Dataset items

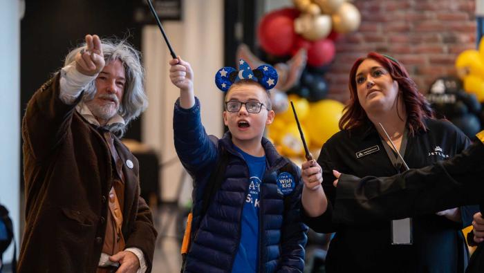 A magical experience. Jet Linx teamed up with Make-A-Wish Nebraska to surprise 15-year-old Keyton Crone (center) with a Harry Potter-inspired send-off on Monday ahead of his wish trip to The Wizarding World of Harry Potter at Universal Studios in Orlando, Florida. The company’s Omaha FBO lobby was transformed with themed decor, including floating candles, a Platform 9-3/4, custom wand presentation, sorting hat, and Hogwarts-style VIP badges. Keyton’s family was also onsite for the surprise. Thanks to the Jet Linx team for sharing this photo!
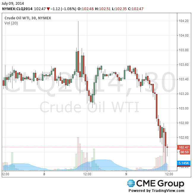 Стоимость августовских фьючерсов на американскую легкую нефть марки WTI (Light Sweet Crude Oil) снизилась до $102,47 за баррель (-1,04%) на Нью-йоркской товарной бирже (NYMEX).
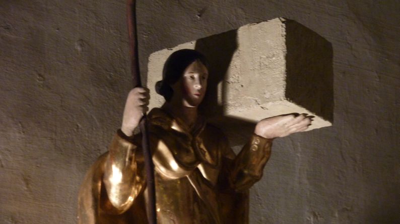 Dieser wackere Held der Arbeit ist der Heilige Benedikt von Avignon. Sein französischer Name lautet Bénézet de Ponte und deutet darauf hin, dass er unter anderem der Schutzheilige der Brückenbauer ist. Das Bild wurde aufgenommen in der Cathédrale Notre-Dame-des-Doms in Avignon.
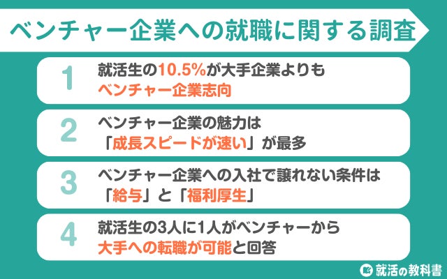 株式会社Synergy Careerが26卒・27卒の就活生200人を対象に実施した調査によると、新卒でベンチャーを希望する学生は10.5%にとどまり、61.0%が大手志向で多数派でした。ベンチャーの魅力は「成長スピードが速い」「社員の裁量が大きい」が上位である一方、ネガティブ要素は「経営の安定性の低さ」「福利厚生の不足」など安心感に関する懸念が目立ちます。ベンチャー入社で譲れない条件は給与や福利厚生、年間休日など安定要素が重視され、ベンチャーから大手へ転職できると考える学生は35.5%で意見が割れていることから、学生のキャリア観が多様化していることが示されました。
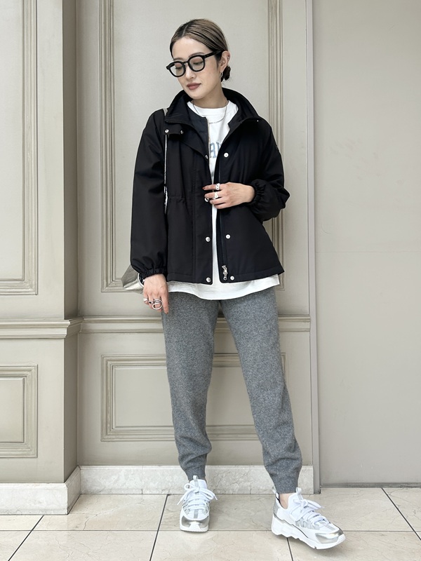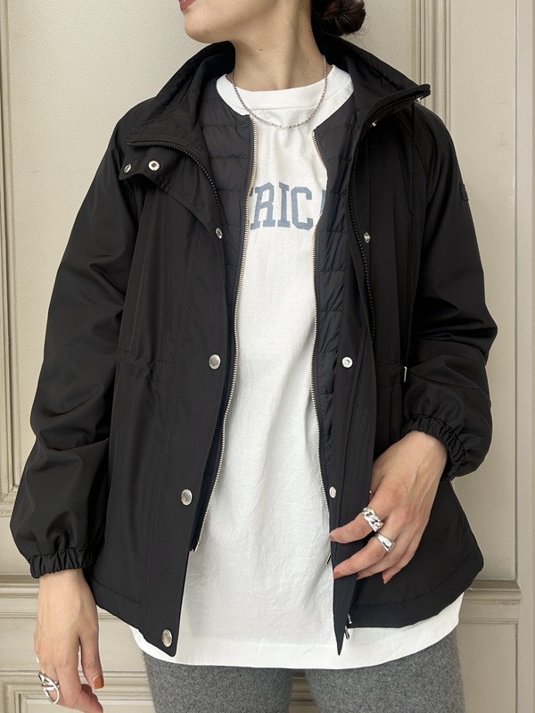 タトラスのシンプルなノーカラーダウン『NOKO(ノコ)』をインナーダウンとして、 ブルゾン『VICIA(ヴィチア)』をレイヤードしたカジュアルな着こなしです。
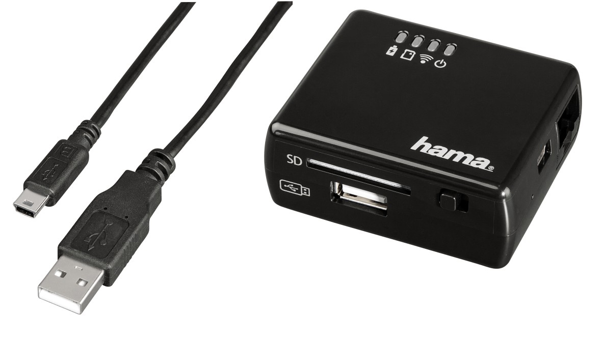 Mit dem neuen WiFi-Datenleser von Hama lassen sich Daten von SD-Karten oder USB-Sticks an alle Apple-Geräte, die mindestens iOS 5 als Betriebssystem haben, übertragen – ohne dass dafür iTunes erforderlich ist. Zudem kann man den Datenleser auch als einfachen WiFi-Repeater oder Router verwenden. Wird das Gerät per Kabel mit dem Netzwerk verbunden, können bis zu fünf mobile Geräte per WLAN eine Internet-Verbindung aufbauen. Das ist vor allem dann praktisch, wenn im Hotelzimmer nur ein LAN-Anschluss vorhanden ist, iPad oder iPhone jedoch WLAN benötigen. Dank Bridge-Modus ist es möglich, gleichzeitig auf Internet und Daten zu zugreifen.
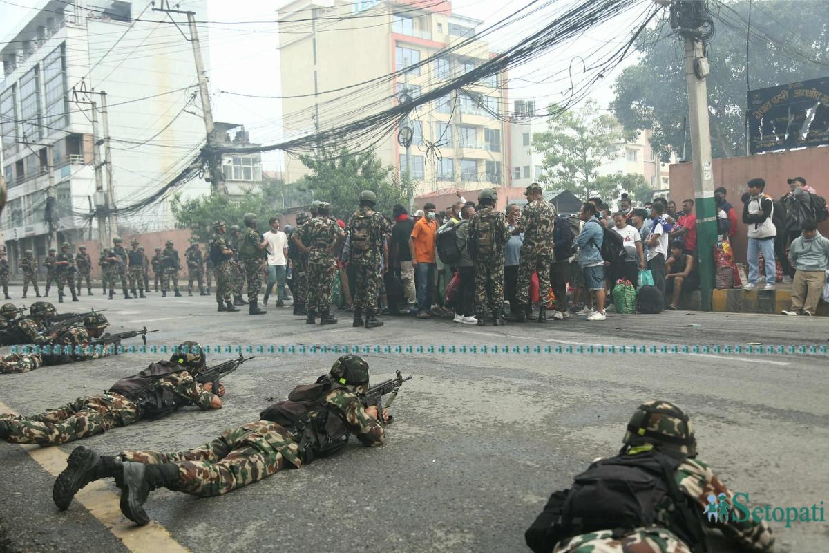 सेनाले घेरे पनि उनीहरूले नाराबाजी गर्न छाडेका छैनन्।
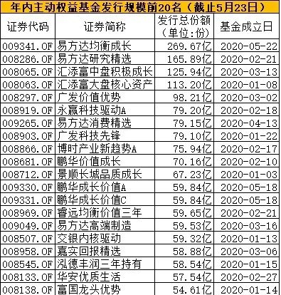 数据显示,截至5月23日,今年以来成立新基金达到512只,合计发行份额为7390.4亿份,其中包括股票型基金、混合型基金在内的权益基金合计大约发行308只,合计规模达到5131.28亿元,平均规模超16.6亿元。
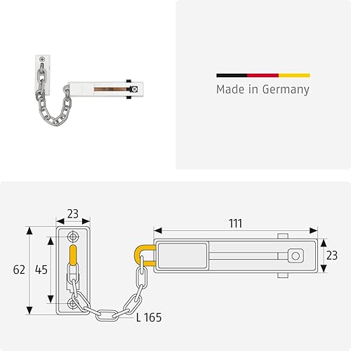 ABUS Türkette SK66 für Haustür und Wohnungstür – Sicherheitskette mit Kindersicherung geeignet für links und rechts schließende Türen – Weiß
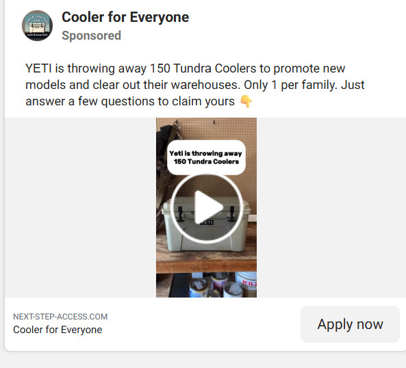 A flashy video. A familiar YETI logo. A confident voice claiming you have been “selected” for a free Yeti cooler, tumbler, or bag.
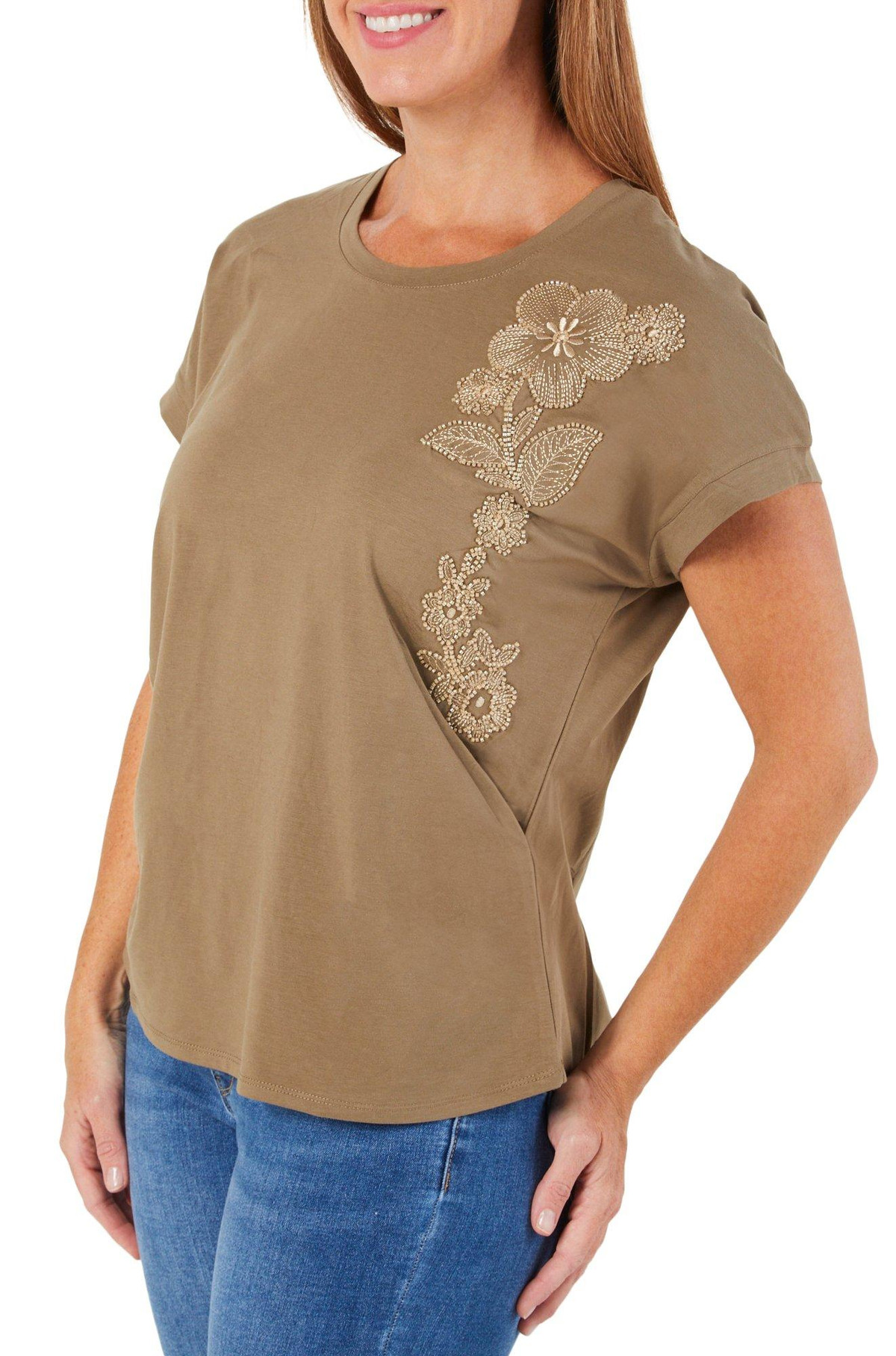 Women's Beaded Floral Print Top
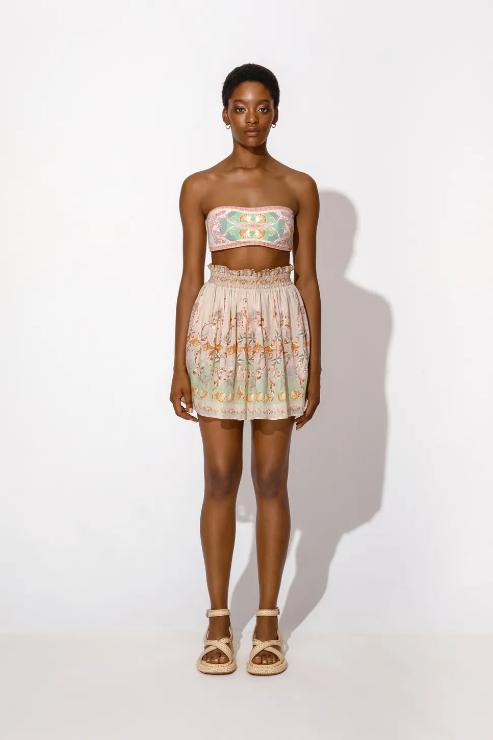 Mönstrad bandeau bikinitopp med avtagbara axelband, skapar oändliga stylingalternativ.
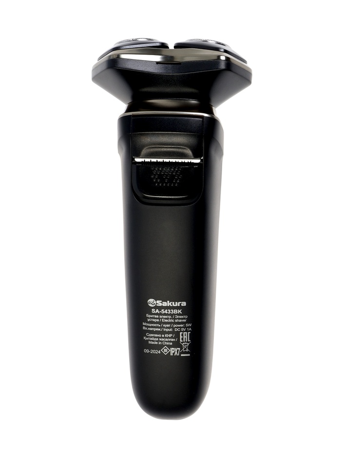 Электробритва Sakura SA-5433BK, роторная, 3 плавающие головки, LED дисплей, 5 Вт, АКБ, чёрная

▶ [Exercise]:
Give again, word for word, only the lines from the one with "सेनाले घेरे पनि" through the last line of the entries, both included; no pictures go in the copy.

▶ [Solution to the problem]:
 सेनाले घेरे पनि उनीहरूले नाराबाजी गर्न छाडेका छैनन्।
 数据显示,截至5月23日,今年以来成立新基金达到512只,合计发行份额为7390.4亿份,其中包括股票型基金、混合型基金在内的权益基金合计大约发行308只,合计规模达到5131.28亿元,平均规模超16.6亿元。
 ABUS Türkette SK66 für Haustür und Wohnungstür – Sicherheitskette mit Kindersicherung geeignet für links und rechts schließende Türen – Weiß
 A flashy video. A familiar YETI logo. A confident voice claiming you have been “selected” for a free Yeti cooler, tumbler, or bag.
 Women's Beaded Floral Print Top
 Mönstrad bandeau bikinitopp med avtagbara axelband, skapar oändliga stylingalternativ.
 Электробритва Sakura SA-5433BK, роторная, 3 плавающие головки, LED дисплей, 5 Вт, АКБ, чёрная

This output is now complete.